§ **What the task requires**: The copy should hold only the line containing "11點30分,爆破總指揮宣布" and the lines after it through the end of the material, each exact, with no pictures.

**** Data extract ****

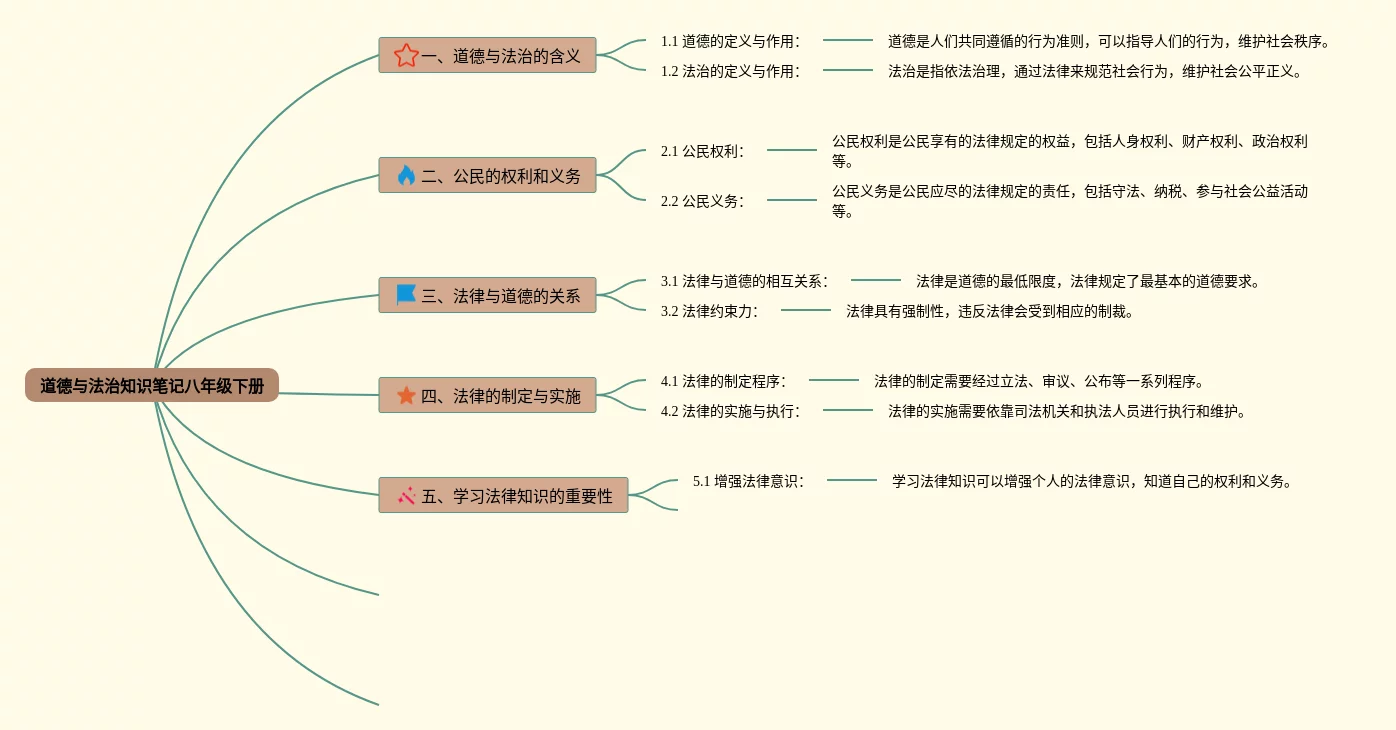 20张道德与法治思维导图八年级下册合集,道德与法治思维导图八年级下册,内容涵盖道德与法治的含义、公民的权利和义务、法律与道德的关系、法律的制定与实施、学习法律知识的重要性等7个知识点,20张高清晰可打印,每张思维导图都非常简单,每张图片均高清晰可打印。
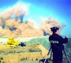 11點30分,爆破總指揮宣布一切正常。爆破現(xiàn)場第一次警報響起。爆破現(xiàn)場值勤民警開始檢查是否還有人員在爆破區(qū)域內(nèi)停留。一切在爆破區(qū)域內(nèi)的人員撤離至安全地點。16個爆破觀測點開始觀測。
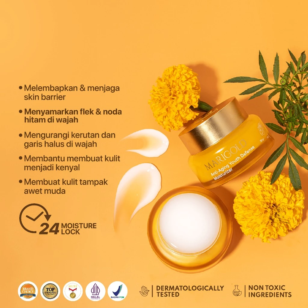 NPURE Marigold Anti Aging Youth Defense Moisturizer Aging Cream Flek Hitam Pelembap Awet Muda NPURE Marigold Anti Aging Youth Defense Moisturizer adalah pelembap bertekstur memory bounce yang dirancang untuk merawat elastisitas kulit menjaga kelembapan menyamarkan kerutan serta membantu mencerahkan wajah Dengan formula baru yang diperkaya Organic Calendula Extract, 8X Essential Vitamins, 5X Peptides, Vegan DNA,

****

§ **Exercise answer**:
 11點30分,爆破總指揮宣布一切正常。爆破現(xiàn)場第一次警報響起。爆破現(xiàn)場值勤民警開始檢查是否還有人員在爆破區(qū)域內(nèi)停留。一切在爆破區(qū)域內(nèi)的人員撤離至安全地點。16個爆破觀測點開始觀測。
 NPURE Marigold Anti Aging Youth Defense Moisturizer Aging Cream Flek Hitam Pelembap Awet Muda NPURE Marigold Anti Aging Youth Defense Moisturizer adalah pelembap bertekstur memory bounce yang dirancang untuk merawat elastisitas kulit menjaga kelembapan menyamarkan kerutan serta membantu mencerahkan wajah Dengan formula baru yang diperkaya Organic Calendula Extract, 8X Essential Vitamins, 5X Peptides, Vegan DNA,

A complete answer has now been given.